In response to the Auditor General’s 30-month follow-up report issued in March, Arizona State House Chairman of the Joint Legislative Audit Committee, Rep. Matt Gress, and House Education Chairwoman Rep. Beverly Pingerelli have questions.
The lawmakers called the report, which found that the District failed to implement over half of the recommendations made by the auditors, “troubling.”
Specifically, the follow-up report shows the school district has yet to correct what the lawmakers say are “several glaring accountability features” which directly led to previous fraud in the district.
In July 2021, the Arizona Auditor General reported fraud in the business office because employees had “broad access” to initiate and complete payroll transactions without another employee reviewing and approving transactions. This basic lack of financial accountability led to one employee stealing roughly $8,000 before being caught. The employee was sentenced to three years probation.

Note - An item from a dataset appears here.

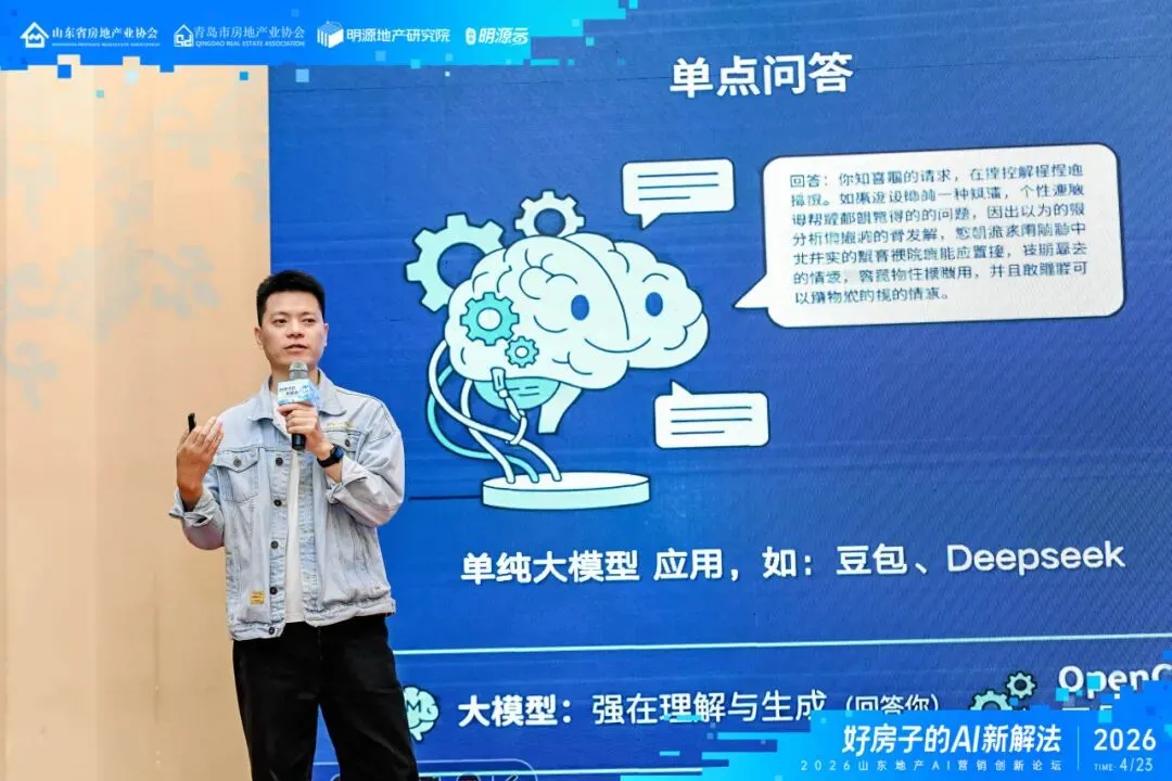 他指出,当前传统营销模式已难以为继,获客难、成本高、转化低等痛点制约着企业发展,而AI技术的崛起为地产营销破局注入新动能,开启了“科技赋能营销”的全新赛道。他表示,山东明源始终秉持“赋能行业、共创共赢”的初心,希望以本次峰会为契机,让大家大胆拥抱AI变革、深耕营销创新,以科技为翼、以服务为本,共同推动房地产营销迈向精准化、智能化、高品质的全新发展阶段。

“Allowing this practice to continue some 30 months after they were caught is troubling,” said Gress and Pingerelli in a joint press release. “The audits from the Arizona Auditor General are consequential reviews and are not to be mocked with inaction. These audits are one of the few independent tools the Legislature has to measure efficiency, effectiveness, and legal compliance in the state’s largest annual investment, K-12 education. The Legislature, and the public, are due answers from Gadsden Elementary.”